By Joe Bendel. Brian De Palma’s career is marked by distinct streaks of good and bad luck, but he could never complain about his score composers. He worked with John Williams, Ennio Morricone, Pino Dinaggio, Mark Isham (on The Black Dahlia), and most notably Bernard Herrmann. Probably no other director so self-consciously tried to process and build on Hitchcock’s visual kitbag for building suspense, so it is fitting two of Herrmann’s final scores were for De Palma’s psychological thrillers. The brand name director surveys his filmography, film by film, in Noah Baumbach & Jake Paltrow’s De Palma, which screens during the 53rd New York Film Festival.
De Palma sits in a comfortable chair and basically tells us how it all went down. It is a straight forward approach to documentary filmmaking, but his stories have a lot of zing to them, so it largely works. Reportedly, De Palma has been regaling his young colleagues for years, but now they have finally convinced him to do it on camera.
To an extent, your enjoyment of De Palma the film will depend on how much you appreciate his movies. Still, there are lessons learned here that would apply to any aspiring filmmaker. De Palma does not reminisce about each film’s production dramas. He dishes on their messy development processes, too. He seems to remember exactly how much each and every film was budgeted for, which is a lesson in itself.
There is also a good deal of time devoted to his student work and early independent films, most of which will be entirely new material for a lot of his casual fans, who may not know De Palma gave Robert De Niro his first featured role in his very independent Greetings. Frankly, you can largely judge what De Palma thinks of a film by the amount of time allotted to it. For instance, he probably talks at greater length about Bruce Springsteen’s “Dancing in the Dark” video than Passion, his unnecessary remake of Alain Courneau’s Love Crime. He is even reasonably forthright revisiting the notorious disaster that was Bonfire of the Vanities.
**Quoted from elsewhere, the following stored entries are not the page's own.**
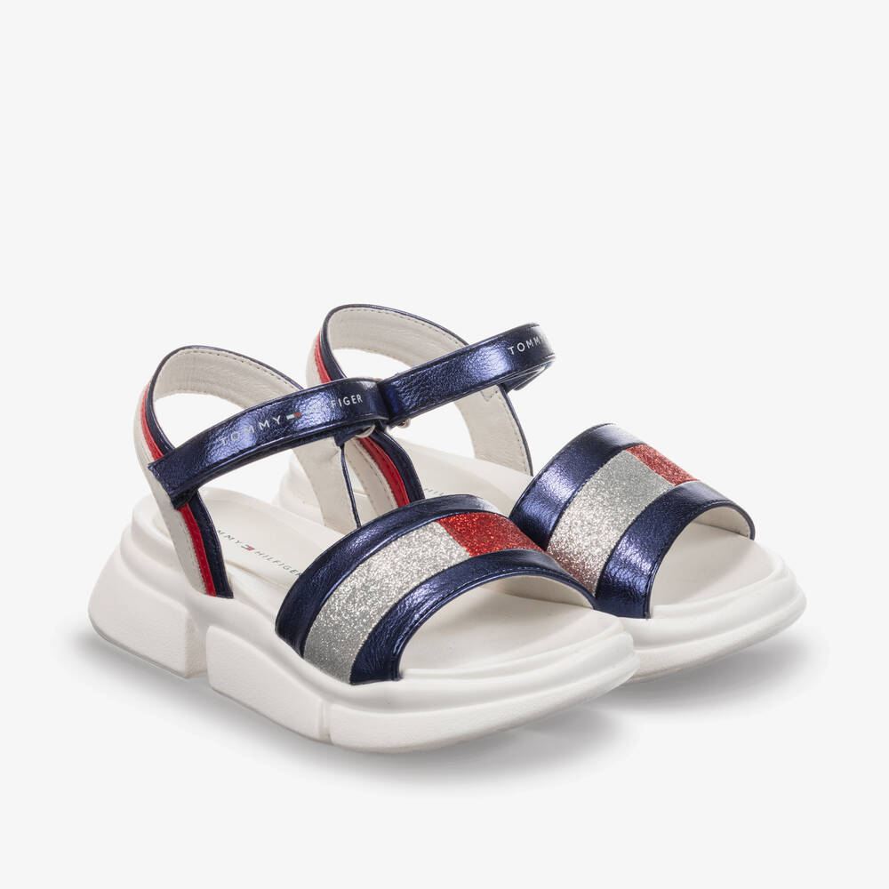 Girls logo sandals by Tommy Hilfiger, with a white rubber sole. They are made in red, blue and silver faux leather and fasten with a velcro strap across the ankle.
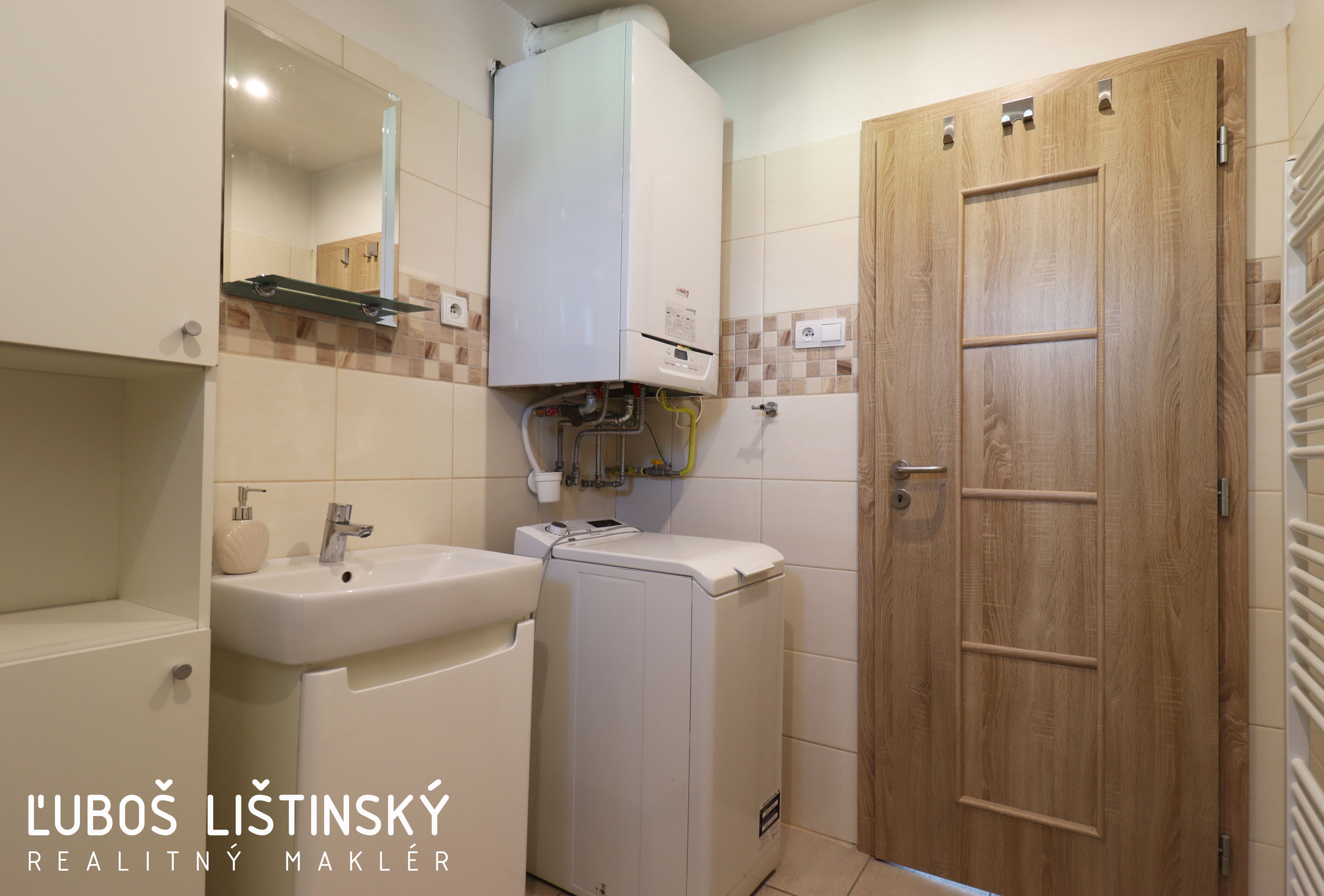 – v kúpeľni sprchovací kút, umývadlo, toaleta a pračka
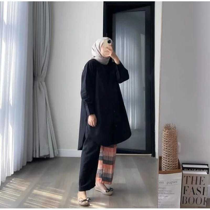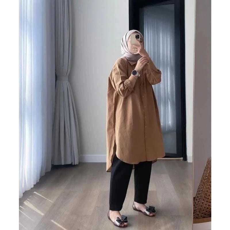 CLARA TUNIK KATUN LINEN/Kemeja Long Tunik Wanita/Kemeja Oversized Lengan Panjang
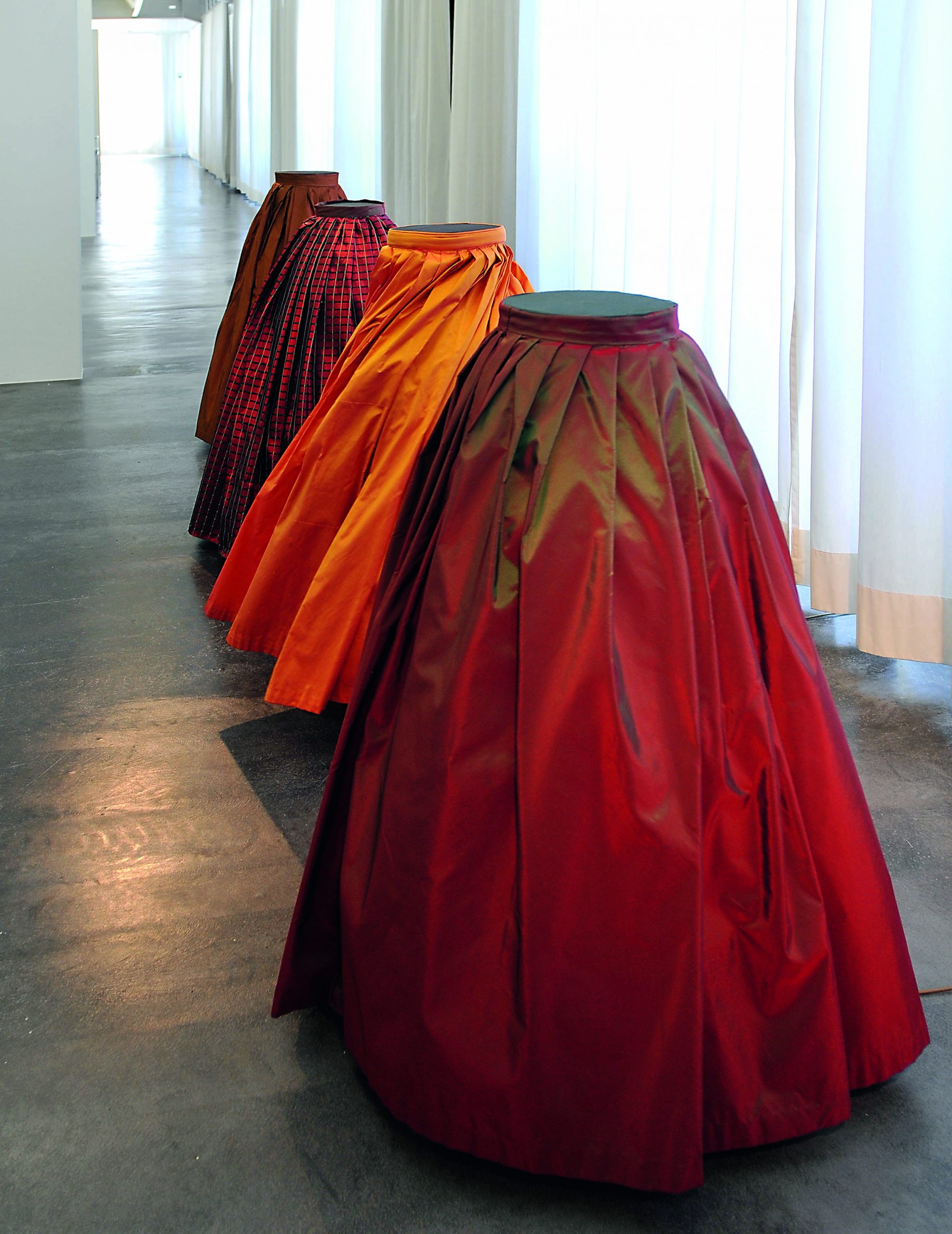 Anja Luithle zeigt im Foyer der Kreissparkasse Ravensburg eine Auswahl großformatiger Bilder aus Textilien, eine kinetische Installation sowie Arbeiten aus ihrer Werkreihe „Wertpapiere“. Die Werke von Anja Luithle lassen sich zwischen Körper, Raum, Bewegung und zwischen Sichtbarem und Unsichtbarem einordnen. Ihre Objekte und Bilder entstehen aus der Auseinandersetzung mit Identität, Erinnerung und Wahrnehmung. Bewegung, Licht und Material führen dabei einen leisen Dialog über Gegenwart und Vergänglichkeit. Die großformatigen Stoffbilder aus der Serie „Zeitspaltung“ entfalten ihre Wirkung durch farbliche Schichtungen und subtile Farbwechsel. Stoff wird hier nicht nur Träger, sondern selbst zum Thema – als Membran zwischen Innerem und Äußerem, als Fläche, die Erinnerungen aufnimmt und wieder freigibt.
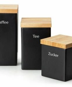 - Austauschbare Beschriftungen (Kaffee, Tee, Zucker) zum Aufkleben
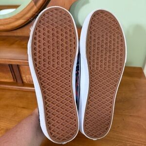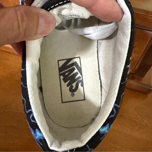 Black Vans sneakers with striking blue and orange lightning patterns. Eye-catching and bold design. Excellent condition size 10.

However, in a glaringly conspicuous (yet convenient) omission, there is no acknowledgement of the controversy surrounding his graphic anti-American anti-war film Redacted. Although it is now generally accepted Arid Uka was motivated by the 2007 film’s violent rape scene, taken out of context and represented on YouTube as actual video footage, when he shot and killed U.S. Airmen Nicholas Alden and Zachary Cuddeback in the Frankfurt Airport. Let’s not mince words. Ducking a controversy of that magnitude is just gutless.
Of course, acknowledging De Palma’s polemics evidently played a significance role in such a senseless tragedy would also be a real downer. Baumbach & Paltrow clearly prefer to keep things light. As a result, De Palma the movie is breezily entertaining. It does indeed make you want to revisit some of his classics (like The Untouchables) or catch up with intriguing early films. Recommended for fans of De Palma and 1970s and 1980s genre filmmaking, De Palma screens this Wednesday (9/30) at Alice Tully Hall, as a special presentation of the 2015 NYFF.
LFM GRADE: B-
Posted on September 29th, 2015 at 9:20pm.